What followed is now, nearly a half-century later, essentially the origin story of ambient music, as riddled with factual uncertainty as all good fables. On her way to visit Eno, Judy Nylon, his former roommate and confidant, bought a cheap album of antique harp tunes near the train station. As Eno lay in his living room, with the rain tinkling against the windows, Nylon put on the record and adjusted the sound to fit the ailing mood. Eno heard his new direction: He wanted to make music like this, sound that could enliven or enhance a space without overpowering it, like a faint stick of incense in the corner or a dim sconce glowing in the distance. Eno now wanted to render the antithesis of the preening rock’n’roll that had made him famous—no glory, only grace.

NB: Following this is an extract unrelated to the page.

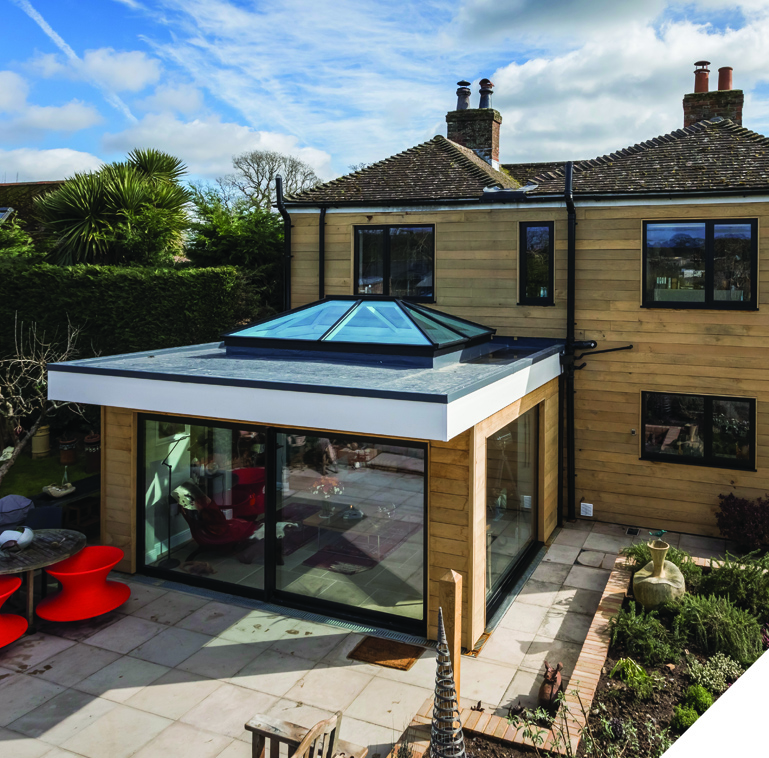 Striking black aluminium windows and oak cladding complete this original but very fitting look.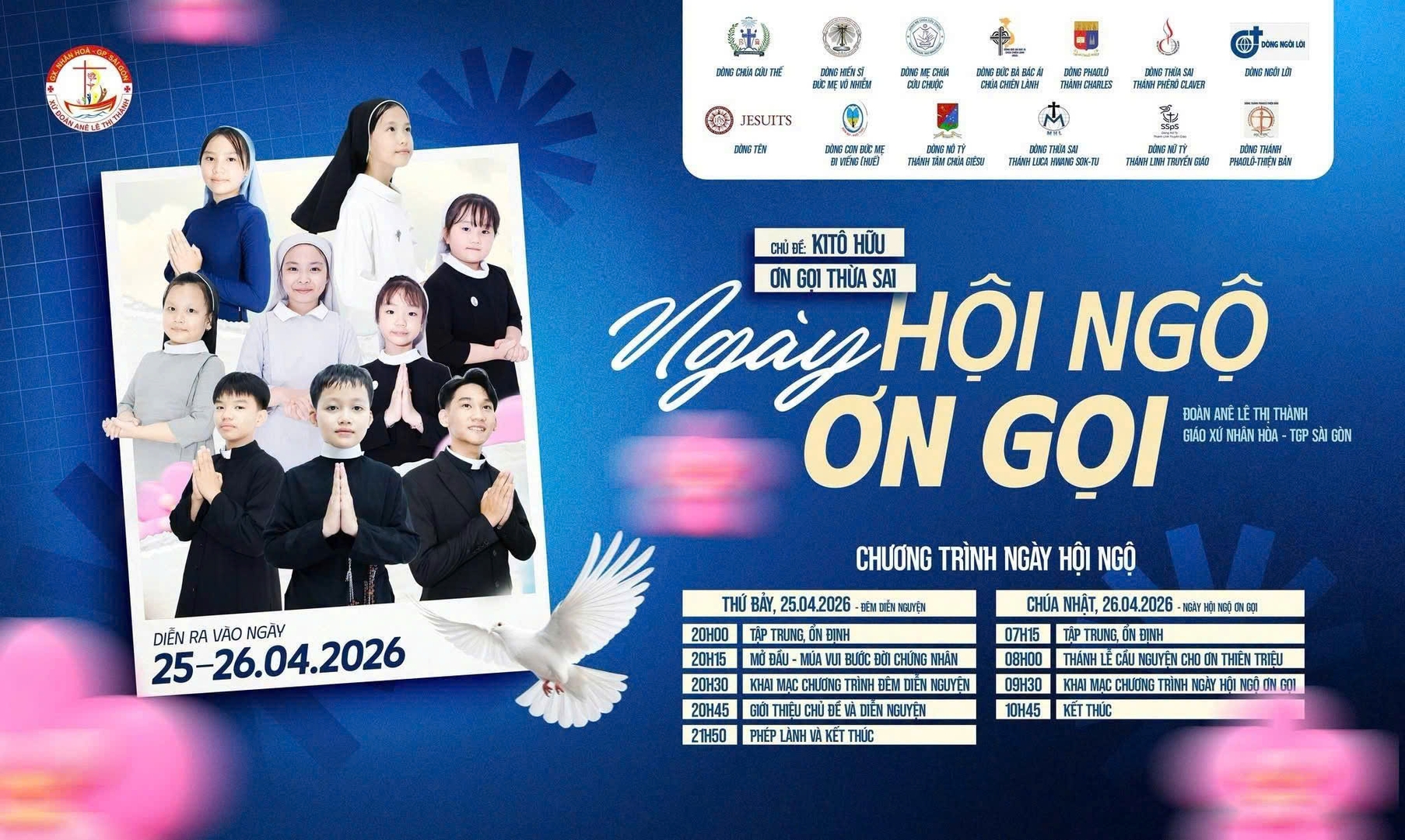 Sự kiện diễn ra trong hai ngày 25–26/4, quy tụ 13 Hội Dòng nam nữ cùng sự hiện diện của quý thầy Học viện Thánh Anphongsô – Dòng Chúa Cứu Thế. Đặc biệt, ngày hội hướng đến việc giúp các bạn trẻ khám phá và sống sứ điệp của Đức Giáo hoàng Lêô XIV trong Ngày Thế giới Cầu nguyện cho Ơn gọi năm 2026, qua đó nhận ra rằng mỗi Kitô hữu đều được mời gọi trở thành chứng nhân thừa sai trong chính bậc sống của mình.

But first, he again worked like an electron. He would soon finish Another Green World, another ostensible rock album punctuated by opalescent instrumentals, and establish Obscure Records, a short-lived but crucial fountainhead for contemporary classical music. One of its first four records was his own, Discreet Music, an entrancing but halting attempt to re-create that living room calm with a 30-minute keyboard hypnosis and warped fragments of Pachelbel’s Canon in D Major. Eno assembled a potpourri of brief pieces for movies and commercials, then expanded it. He courted Talking Heads and Devo as their potential (and eventual) producer. And he repeatedly jetted to Berlin to join David Bowie on what would become the Berlin Trilogy and to Cologne to commune with Motorik idealists Cluster on a series of less commercial but eerie and luminescent works.

That’s when it happened: Sitting among the gleaming steel fixtures and softly glowing concrete lines of the modernist Cologne Bonn Airport on a sunny Sunday morning in late 1977, en route to his homebase, the perennially nervous flier recoiled once again at the canned pop pleasantries mindlessly piped into such an inspired space. The music was not only an afterthought but also insulting to the idea that you would soon climb into a sleek metal tube and be propelled by engines through the sky at 40,000 feet. “I started thinking, ‘What should we be hearing here?’ I thought most of all you wanted music that didn’t try to pretend you weren’t going to die on the plane, ” Eno, laughing but serious, told Stephen Colbert 34 years later, much as he’d said to Lester Bangs in 1979 and repeated in his own published diary in 1996. “Let’s face facts.”

Within a matter of months, Music for Airports was finished. Eno had struggled for years with the sessions that would become his de facto rock farewell, 1977’s Before and After Science, as he wrangled more than a dozen collaborators in two countries. But rock’s valence electron had finally found his perfect fit, coming to rest in the sound he’d been circling for years. This one—an act of near-complete self-reliance, informed by a decade of attentive listening, thought, and arguable artistic theft—arrived in a flash.

Alternately panned as a soporific joke or praised as a cathedral of escape, Music for Airports soon became Eno’s bestseller. And in the last half-century, of course, it has become so much more. Pragmatically and presciently co-titled Ambient 1, few albums have ever been more synonymous with the genre that followed, with the field of play they named. It is an ur-statement of scope and intent. “The listener, I felt, became the population of a sonic landscape,” he later wrote in the foreword to Mark Prendergast’s The Ambient Century, “and was free to wander round it.”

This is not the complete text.